The Hornadys perform much better. Much more accurate too. 

Nice Pig!  Congrats Again!


----------



## Bucky T (Feb 23, 2016)

My rifle is an 11yr old CVA Kodiak Pro.


----------



## Killer Kyle (Feb 23, 2016)

jbogg said:


> Nice job Kyle!  Great hunt story and cool pic.  I have never seen a wild hog, but hope that changes with me hunting public mountain land this year.

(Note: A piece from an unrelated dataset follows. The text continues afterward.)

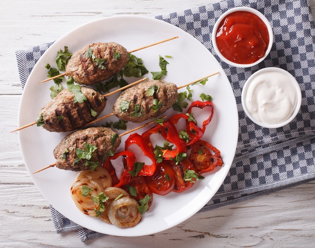 Υλικά • 500 γρ. κιμάς μοσχαρίσιος • 500 γρ. κιμάς χοιρινός • 5 κουταλιές της σούπας ελαιόλαδο για το μείγμα και λίγο επιπλέον για το ψήσιμο • 2 κρεμμύδια ψιλοκομμένα • 1 πράσο ψιλοκομμένο • 2 πατάτες βρασμένες και λιωμένες με πιρούνι • ½ ματσάκι μαϊντανός ψιλοκομμένος • αλάτι, πιπέρι • πιπεριές, κρεμμύδια ή άλλα λαχανικά για γαρνιτούρα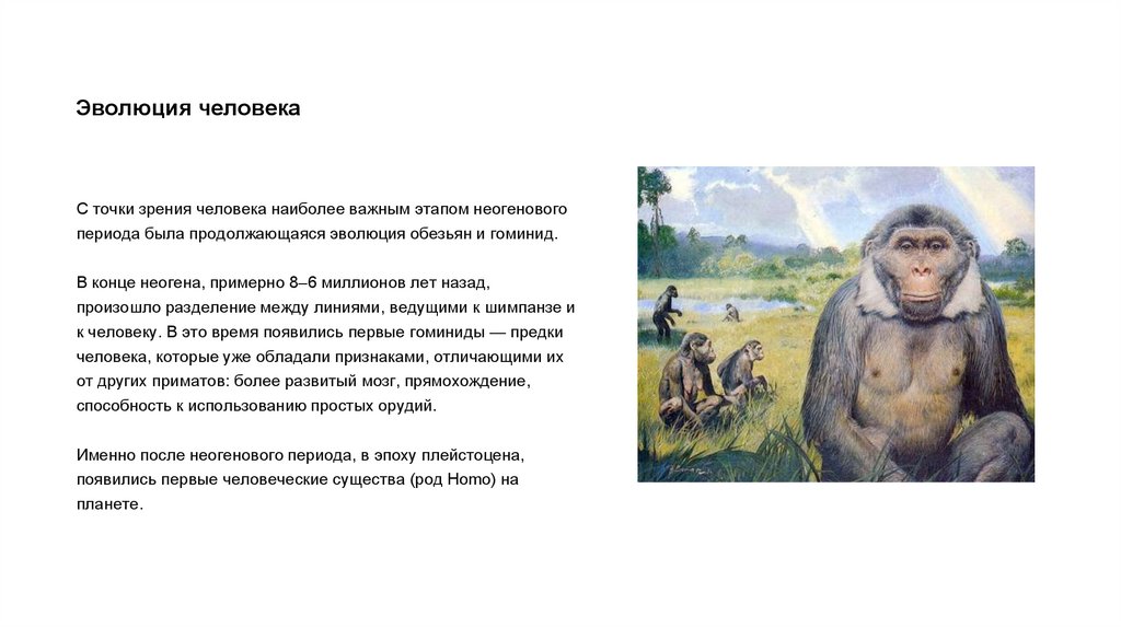 Эволюция человекаС точки зрения человека наиболее важным этапом неогенового

John, hunt Chattahoochee for a couple years, and you'll start figuring the hogs out and seeing them often. No questions asked. You cannot hunt there regularly without running into hogs! They'll get more active as spring comes on. You'll see! Hope you smoke one during turkey season. I'll be carrying some Hevi-Shot #4's this year with me as my hog rounds that  I can switch to if I find some sign worth sitting on.


----------



## model88_308 (Feb 23, 2016)

Congratulations on a great hunt! A very enjoyable read as well!


----------



## mark-7mag (Feb 23, 2016)

Congrats! Great story and thanks for sharing


----------



## jbogg (Feb 23, 2016)

Killer Kyle said:


> John, hunt Chattahoochee for a couple years, and you'll start figuring the hogs out and seeing them often. No questions asked. You cannot hunt there regularly without running into hogs! They'll get more active as spring comes on. You'll see! Hope you smoke one during turkey season. I'll be carrying some Hevi-Shot #4's this year with me as my hog rounds that  I can switch to if I find some sign worth sitting on.



I will be up there this weekend again exploring some new ground.  Planning on using my Excal crossbow for turkey and would love to have a hog come by.  The fresh hog sign I saw two weeks ago was on a high saddle. Once again, well done.  Can't believe how long the snout is on that thing.  Looks nothing like a domestic pig.  Like an entirely different animal.


----------



## fullstrut (Feb 23, 2016)

Great story and hunt Kyle. Congrats on the hard work it does pay off.


----------



## Killer Kyle (Feb 23, 2016)

Thanks for the kind words guys! That ol' girl did have a snout on her! Looks like she doesn't have much feral blood in her. She might have some, but if she doesn't, I can't tell!


----------



## FMBear (Feb 23, 2016)

There you go, Kyle!!  Great hog and gonna be some darn fine eating to reward yourself for your efforts!!  No doubt you're going to be enjoying some fine BBQ sandwiches this fishing season.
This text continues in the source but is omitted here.